Problems with using books as a corpus

The books are

  • preface
  • Table of Contents
  • body (of letter)
  • index structure, but the language model of the table of contents and index is clearly unique If you simply split the data 80%-10%, the data for testing will be indexed in its entirety, and it will never work. For now, visually designate the beginning and end of the text. python
In [44]: re.findall("In the beginning", data)
Out[44]: ['In the Introduction'].

In [45]: re.findall("Looking forward to it." , data)
Out[45]: ['Looking forward to it.']

python

BEGIN_BODY = "In the Introduction"
END_BODY = "Looking forward to it."
assert len(re.findall(BEGIN_BODY, data)) == 1
assert len(re.findall(END_BODY, data)) == 1
data = data[data.index(BEGIN_BODY) : data.index(END_BODY) + len(END_BODY)] 
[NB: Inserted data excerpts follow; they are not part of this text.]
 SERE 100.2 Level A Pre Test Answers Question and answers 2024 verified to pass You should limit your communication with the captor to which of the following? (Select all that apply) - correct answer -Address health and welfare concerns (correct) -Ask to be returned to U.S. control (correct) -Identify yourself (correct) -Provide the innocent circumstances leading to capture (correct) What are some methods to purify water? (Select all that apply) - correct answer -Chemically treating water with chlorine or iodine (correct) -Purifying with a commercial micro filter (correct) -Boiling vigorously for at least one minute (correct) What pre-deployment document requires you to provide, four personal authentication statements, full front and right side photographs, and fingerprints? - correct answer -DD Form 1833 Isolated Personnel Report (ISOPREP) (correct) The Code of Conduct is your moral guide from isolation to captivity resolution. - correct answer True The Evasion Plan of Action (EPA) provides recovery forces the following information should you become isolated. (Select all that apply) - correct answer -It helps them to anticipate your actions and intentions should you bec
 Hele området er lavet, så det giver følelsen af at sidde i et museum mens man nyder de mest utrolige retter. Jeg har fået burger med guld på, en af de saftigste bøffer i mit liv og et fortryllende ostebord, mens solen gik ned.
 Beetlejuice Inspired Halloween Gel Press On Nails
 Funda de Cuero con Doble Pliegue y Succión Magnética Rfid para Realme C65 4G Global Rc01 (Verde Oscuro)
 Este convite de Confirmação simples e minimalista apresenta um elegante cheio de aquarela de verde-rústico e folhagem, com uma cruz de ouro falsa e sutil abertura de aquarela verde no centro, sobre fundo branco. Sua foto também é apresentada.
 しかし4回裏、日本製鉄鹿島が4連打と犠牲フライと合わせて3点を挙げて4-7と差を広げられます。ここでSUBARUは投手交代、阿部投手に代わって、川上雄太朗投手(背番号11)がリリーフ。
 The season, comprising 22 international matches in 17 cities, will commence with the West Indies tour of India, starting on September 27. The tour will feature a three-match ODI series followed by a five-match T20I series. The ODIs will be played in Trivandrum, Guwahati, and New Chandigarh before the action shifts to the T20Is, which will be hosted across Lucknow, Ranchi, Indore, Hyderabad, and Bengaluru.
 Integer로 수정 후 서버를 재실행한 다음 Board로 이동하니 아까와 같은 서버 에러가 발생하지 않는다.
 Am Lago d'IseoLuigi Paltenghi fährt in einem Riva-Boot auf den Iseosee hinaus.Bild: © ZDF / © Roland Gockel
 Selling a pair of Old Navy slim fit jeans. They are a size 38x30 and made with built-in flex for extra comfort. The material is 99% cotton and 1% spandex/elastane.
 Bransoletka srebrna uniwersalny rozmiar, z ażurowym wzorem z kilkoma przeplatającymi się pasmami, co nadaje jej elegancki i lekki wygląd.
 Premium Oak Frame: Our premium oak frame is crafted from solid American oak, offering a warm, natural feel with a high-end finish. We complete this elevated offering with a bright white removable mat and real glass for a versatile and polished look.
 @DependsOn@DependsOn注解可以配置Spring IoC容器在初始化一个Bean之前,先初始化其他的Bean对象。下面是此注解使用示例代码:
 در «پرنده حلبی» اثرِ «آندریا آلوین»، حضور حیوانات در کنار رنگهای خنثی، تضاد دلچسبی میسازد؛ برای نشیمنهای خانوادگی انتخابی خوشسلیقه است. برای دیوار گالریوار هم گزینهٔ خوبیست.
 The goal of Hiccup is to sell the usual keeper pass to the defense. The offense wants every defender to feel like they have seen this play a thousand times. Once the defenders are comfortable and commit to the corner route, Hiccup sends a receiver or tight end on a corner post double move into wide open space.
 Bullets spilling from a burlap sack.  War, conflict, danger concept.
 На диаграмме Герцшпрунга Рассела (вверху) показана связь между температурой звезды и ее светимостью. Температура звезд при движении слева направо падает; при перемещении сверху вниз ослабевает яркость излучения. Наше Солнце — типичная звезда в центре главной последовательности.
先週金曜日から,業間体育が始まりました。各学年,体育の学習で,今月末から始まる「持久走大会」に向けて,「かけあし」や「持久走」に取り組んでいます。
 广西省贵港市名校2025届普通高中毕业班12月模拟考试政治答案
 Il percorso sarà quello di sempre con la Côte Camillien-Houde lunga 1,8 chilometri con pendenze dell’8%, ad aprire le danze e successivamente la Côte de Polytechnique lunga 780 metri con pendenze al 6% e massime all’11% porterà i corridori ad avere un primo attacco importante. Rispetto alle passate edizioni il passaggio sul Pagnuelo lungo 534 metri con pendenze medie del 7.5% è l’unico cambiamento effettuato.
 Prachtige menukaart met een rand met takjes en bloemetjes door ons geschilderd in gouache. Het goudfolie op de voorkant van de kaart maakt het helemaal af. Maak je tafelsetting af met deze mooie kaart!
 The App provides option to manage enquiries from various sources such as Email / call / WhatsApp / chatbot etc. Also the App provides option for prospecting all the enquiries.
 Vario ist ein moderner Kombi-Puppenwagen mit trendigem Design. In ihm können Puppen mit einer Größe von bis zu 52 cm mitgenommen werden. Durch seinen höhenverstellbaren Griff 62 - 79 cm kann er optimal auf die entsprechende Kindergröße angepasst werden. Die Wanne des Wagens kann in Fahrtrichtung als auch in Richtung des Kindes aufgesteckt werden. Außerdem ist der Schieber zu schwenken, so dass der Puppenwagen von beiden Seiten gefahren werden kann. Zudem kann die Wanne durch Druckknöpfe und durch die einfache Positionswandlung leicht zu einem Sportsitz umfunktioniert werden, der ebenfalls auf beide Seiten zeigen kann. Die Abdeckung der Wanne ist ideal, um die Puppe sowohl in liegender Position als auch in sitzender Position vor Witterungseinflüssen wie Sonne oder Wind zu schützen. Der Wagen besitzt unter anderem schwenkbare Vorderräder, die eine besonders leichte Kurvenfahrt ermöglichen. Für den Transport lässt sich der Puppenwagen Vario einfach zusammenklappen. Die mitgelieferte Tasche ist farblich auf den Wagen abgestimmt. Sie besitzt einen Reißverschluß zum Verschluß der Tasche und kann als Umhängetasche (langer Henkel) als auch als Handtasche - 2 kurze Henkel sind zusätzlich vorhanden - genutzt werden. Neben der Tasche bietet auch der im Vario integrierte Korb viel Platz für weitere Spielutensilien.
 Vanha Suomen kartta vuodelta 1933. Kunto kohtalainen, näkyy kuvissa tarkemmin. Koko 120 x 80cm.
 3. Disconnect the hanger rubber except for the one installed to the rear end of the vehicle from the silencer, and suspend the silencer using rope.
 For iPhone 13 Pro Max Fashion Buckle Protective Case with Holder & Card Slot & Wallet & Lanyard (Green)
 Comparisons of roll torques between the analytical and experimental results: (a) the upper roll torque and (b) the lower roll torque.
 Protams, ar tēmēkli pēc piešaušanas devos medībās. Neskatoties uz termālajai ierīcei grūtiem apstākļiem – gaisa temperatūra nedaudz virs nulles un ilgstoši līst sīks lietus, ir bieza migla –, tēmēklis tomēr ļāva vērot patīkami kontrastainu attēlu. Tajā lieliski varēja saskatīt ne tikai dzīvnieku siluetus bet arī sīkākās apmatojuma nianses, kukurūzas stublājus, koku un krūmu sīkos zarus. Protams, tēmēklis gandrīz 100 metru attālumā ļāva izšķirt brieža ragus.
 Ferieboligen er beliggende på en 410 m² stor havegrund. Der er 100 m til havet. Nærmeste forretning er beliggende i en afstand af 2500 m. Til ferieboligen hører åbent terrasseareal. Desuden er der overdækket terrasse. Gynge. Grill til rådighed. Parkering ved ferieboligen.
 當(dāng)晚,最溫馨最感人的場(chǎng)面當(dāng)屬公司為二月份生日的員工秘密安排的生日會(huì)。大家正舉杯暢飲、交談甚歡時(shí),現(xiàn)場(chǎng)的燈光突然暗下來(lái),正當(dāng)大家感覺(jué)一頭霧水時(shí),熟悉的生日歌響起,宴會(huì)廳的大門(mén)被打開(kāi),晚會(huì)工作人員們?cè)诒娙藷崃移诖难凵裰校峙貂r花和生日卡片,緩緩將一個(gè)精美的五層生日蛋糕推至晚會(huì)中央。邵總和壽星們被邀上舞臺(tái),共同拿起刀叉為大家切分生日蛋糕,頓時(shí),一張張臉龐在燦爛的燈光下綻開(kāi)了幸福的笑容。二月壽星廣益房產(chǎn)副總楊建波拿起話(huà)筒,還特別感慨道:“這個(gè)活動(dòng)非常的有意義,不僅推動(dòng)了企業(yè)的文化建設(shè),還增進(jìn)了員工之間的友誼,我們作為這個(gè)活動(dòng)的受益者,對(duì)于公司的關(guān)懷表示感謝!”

However, since Chapter 1 and Chapter 7 deal with different topics, the words that appear in them are also different, so simply dividing the text into 80% and 10% after extracting the text is no good, right? I have a feeling that this is not a good idea. Maybe we should split it up into separate pages and then divide it up - I don’t know.

natural language processingbook corpus


This page is auto-translated from /nishio/書籍は目次と索引の言語モデルが特殊 using DeepL. If you looks something interesting but the auto-translated English is not good enough to understand it, feel free to let me know at @nishio_en. I’m very happy to spread my thought to non-Japanese readers.